Гриша сунул руку в нагрудный карман рубашки и протянул мне красную книжицу. Я долго всматривался в фотографию. Гришкино лицо. Никакой разницы. Разве что чуть моложе.
— Чьи документы? — спросил я. — Как они вообще туда попали?
— Всё просто, — сказал он. — Это документы одного из… наблюдателей, работавших здесь, у вас…
Из-под меня чуть скамеечка не вывернулась.
— Но они уже все отозваны, — поспешил добавить он.
— То есть нет их сейчас на Земле?
— Ни одного. Я же говорю: все отозваны…
Я перевёл дыхание и малость успокоился.
— А почему отозваны?
— Из этических соображений, — сказал Гриша.
— Чего-о?
— Из этических соображений, — повторил он. — Было решено, что тайно изучать — недостойно. И наблюдателей отозвали.
Я ошалело поглядел на Гришу, потом на фотографию.
— Постой! А у него паспорт откуда взялся?
— Это его паспорт. Выдали, когда исполнилось шестнадцать лет…
— Ах, чёрт!.. — Я вспомнил давний разговор Гриши с матерью. — Так их, выходит, что? В самом деле сюда детьми забрасывали? И подменяли потом?
— В самом деле…
И ведь по-умному всё рассчитали, собаки! Знали, видно, что для нас они — на одно лицо. Вернётся такой пацан откуда-нибудь с каникул — да кто что заподозрит! Ну характер изменился, ну и что? Переходный возраст — бывает… Из этических соображений… Долго они что-то соображали.
— На, держи. — Я приподнялся и отдал паспорт Грише. — И что там с тобой дальше было?
— Дальше… Дальше я воспользовался «приёмником».
…Оказавшись внутри цилиндра, он закрывает люк, отсекая разом и Дом Стражи, и рыжеволосую преступницу с выжженной памятью, и всю свою прежнюю жизнь.
На пульте — всего одна клавиша.
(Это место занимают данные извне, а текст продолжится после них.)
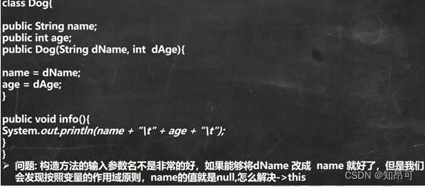 // public Dog(String dName, int dAge){//构造器
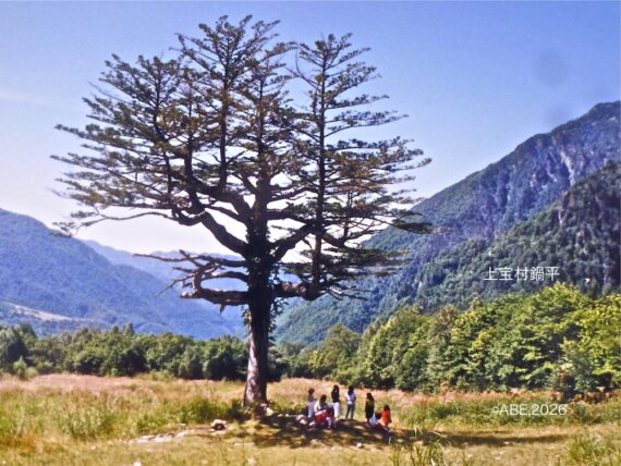 高地裏側・吉祥郡上宝村鍋平高原にある樅?に人が憩う様子 2000年8月
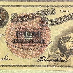 Sveriges Riksbank Sedel 5 kronor 1946 ovikt
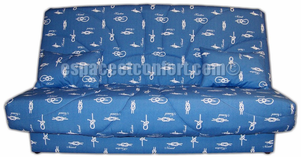 En photo : Banquette clic-clac Soleil, Tissu : Quiberon Bleu Cat.A
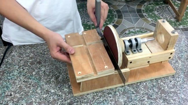 Самый простой способ создания дискового станка — закрепленная на столе электродрель с установленным шлифовальным кругом. Другой доступный вариант — изготовление и установка шлифовального диска на вал циркулярной пилы. При этом, надо собрать устройство для уменьшения скорости вращения (система понижающих шкивов или электронное устройство).
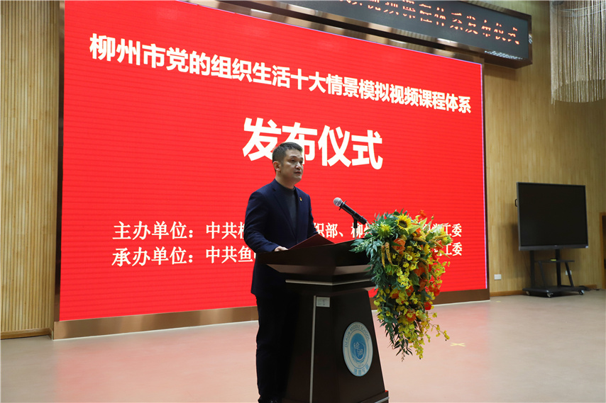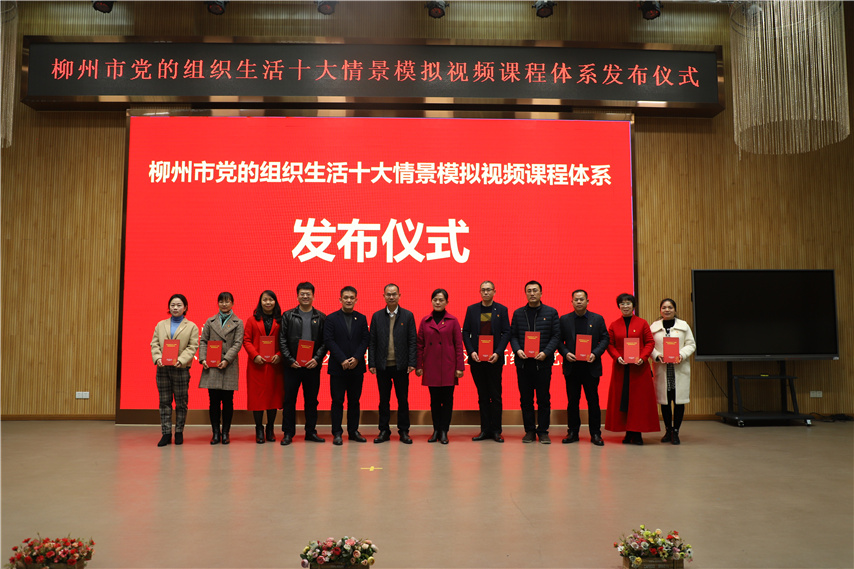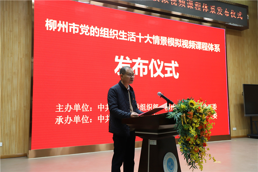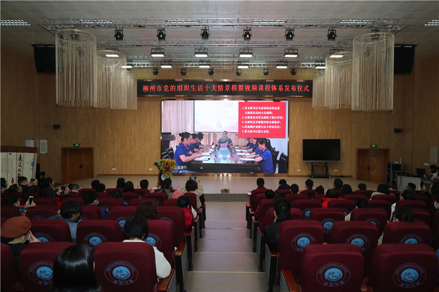 12月28日上午,由中共柳州市委組織部、柳州市兩新組織黨工委主辦,中共魚(yú)峰區(qū)委組織部、魚(yú)峰區(qū)兩新組織黨工委承辦的柳州市黨的組織生活十大情景模擬視頻課程體系發(fā)布儀式,在魚(yú)峰區(qū)德潤(rùn)中學(xué)隆重舉行,柳州市委組織部副部長(zhǎng)、市兩新組織黨工委書(shū)記劉慶寧,市委組織部組織四科副科長(zhǎng)胡章勇,魚(yú)峰區(qū)委副書(shū)記王漢強(qiáng)等領(lǐng)導(dǎo)出席發(fā)布儀式,各城區(qū)兩新組織黨工委負(fù)責(zé)人,魚(yú)峰區(qū)各黨(工)委領(lǐng)導(dǎo),各行業(yè)黨員代表近百人參加了發(fā)布儀式,集團(tuán)黨委書(shū)記、董事長(zhǎng)蔣華及參與視頻拍攝的集團(tuán)黨員代表參加了發(fā)布儀式。發(fā)布儀式由魚(yú)峰區(qū)委常委、組織部部長(zhǎng)彭靖主持。
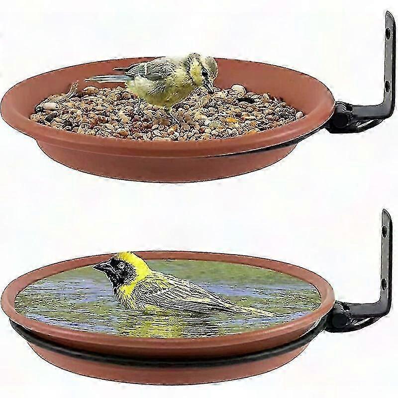 2 PCS Bird Waterer Feeder & Bath for Outdoor Balcony - Wild Bird Food Dispenser & Bath (Brown) by Zekai
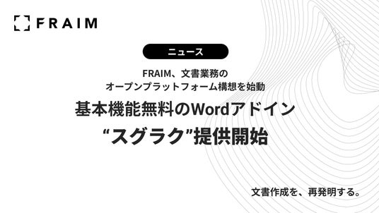 AI文書作成支援のFRAIM株式会社(本社:東京都渋谷区、代表取締役社長:宮坂 豪、以下「FRAIM」)は、この度、「文書業務のオープンプラットフォーム構想」を始動し、その第一弾として、基本機能を無料で提供するMicrosoft Wordアドイン「スグラク」の提供を2026年4月7日より開始いたします。
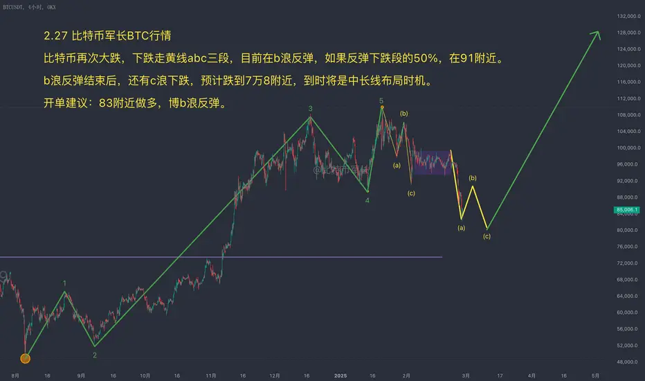 综上分析,99到82为a浪,整体结构无变化,比特多单持有,如有回踩到昨晚低点附近加一次仓。
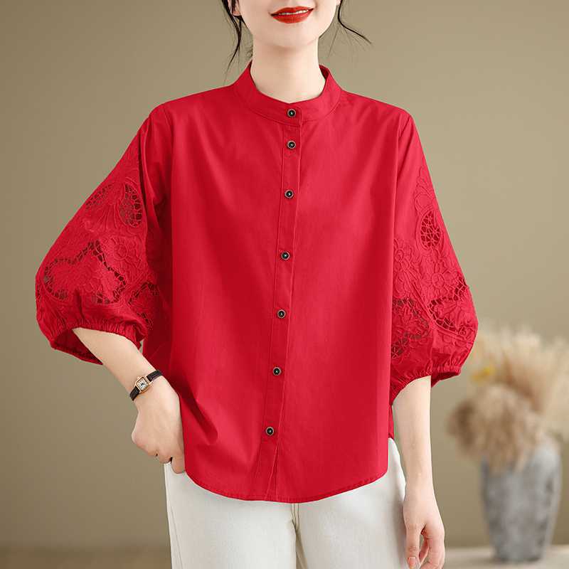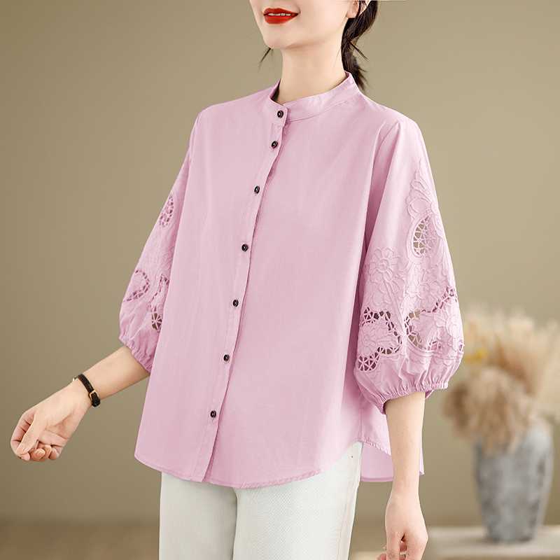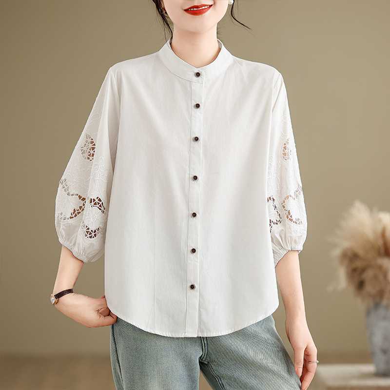 | nameOriginal | Vintage Lantern Sleeve Artistic Fashion Collar Loose plus size Embroidered Flower Hollow Design Niche Shirt Women's Top |
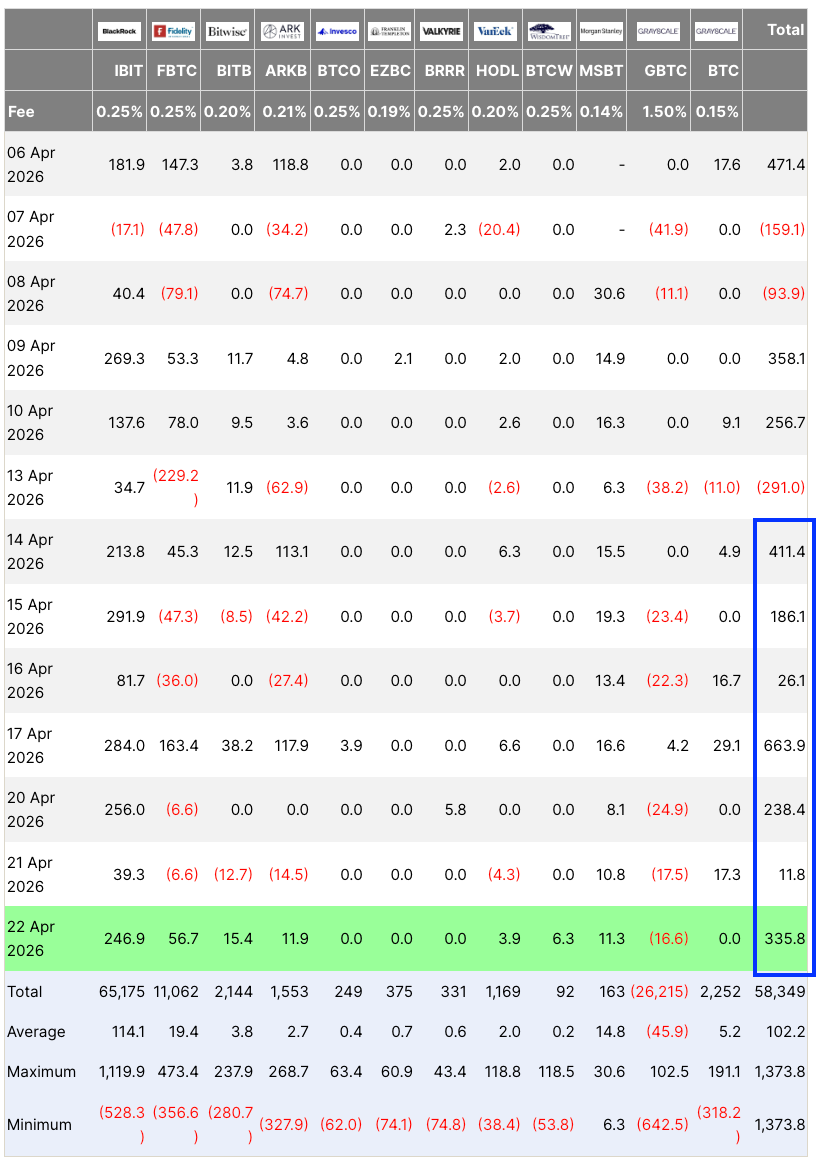 Mientras tanto, la demanda de fondos cotizados en bolsa (ETFs) de Bitcoin al contado sigue, con estos productos de inversión registrando siete días consecutivos de entradas, totalizando 1.900 millones de dólares.
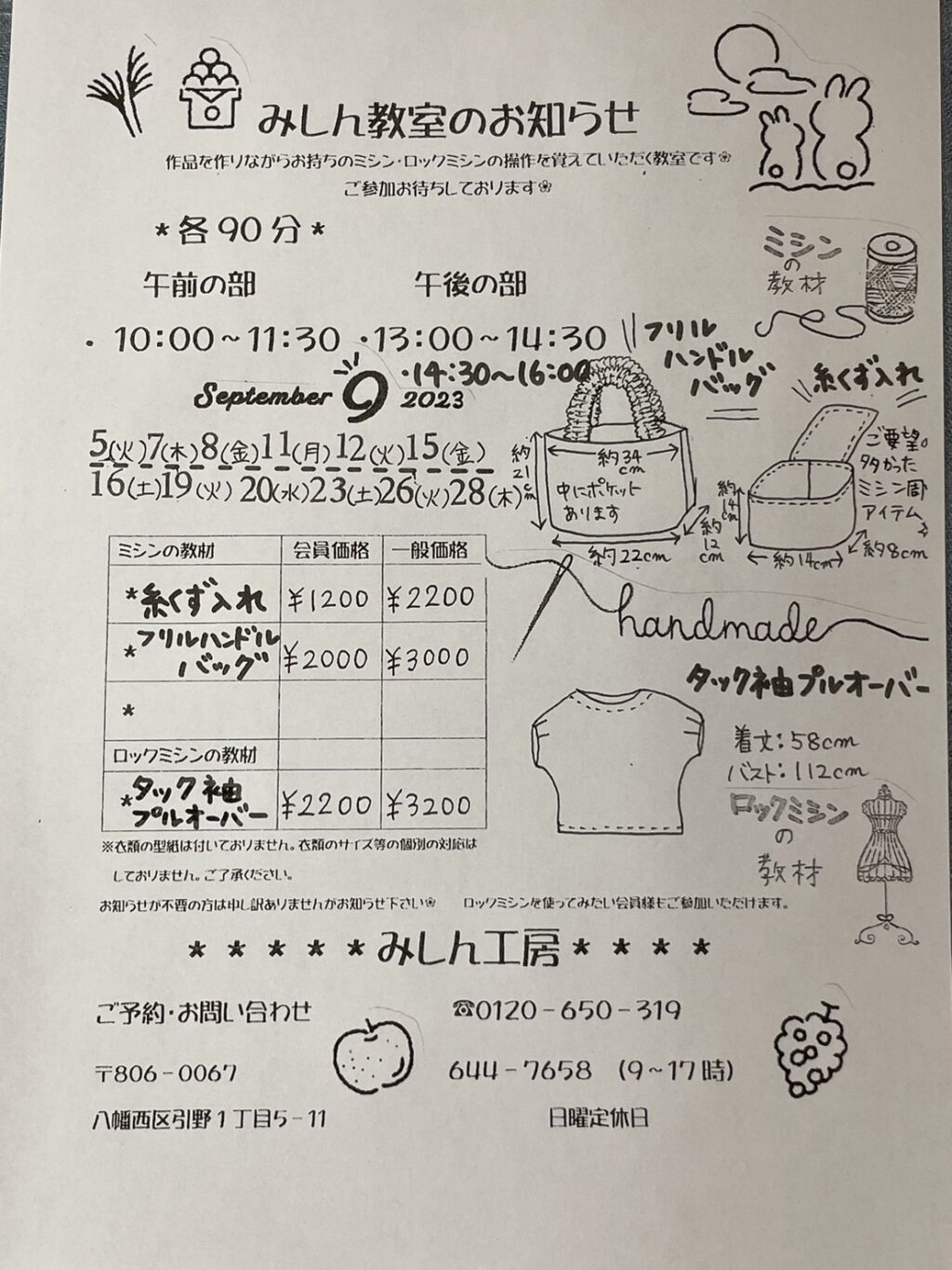 購入されたミシン・ロックミシンの正しい使い方を深めていただく教室を開いております。

Утопленная, она вспыхивает и начинает наливаться сиреневым. Он ждёт, пока свечение станет ровным и ярким, затем нажимает её повторно. Клавиша гаснет. И хотя больше ничего не происходит, он всё же каким-то образом понимает, что теперь за стенками цилиндра — иной мир.
Справа от пульта он находит механизм ликвидации и приводит его в действие. Время пошло — нужно спешить. Скоро то, чем «приёмник» прикинулся на этой планете, исчезнет в неяркой беззвучной вспышке.
Он открывает люк, и лица касается несильный холодный ветер. Чужая ночь. Чужие мелкие звёзды. Их очень мало. Он делает несколько шагов, удивляясь тому, как неровна поверхность, по которой идёт. Наклоняется и ощупывает грубое бугристое покрытие, присыпанное тонким пачкающим порошком. Пыль. Это называется пыль. Прах…
Теперь первым делом — достать местную одежду. Любую. А ту, которая на нём, — уничтожить, чтобы и следа от неё не осталось.
А погоня… Погоня будет. В этом он почему-то уверен.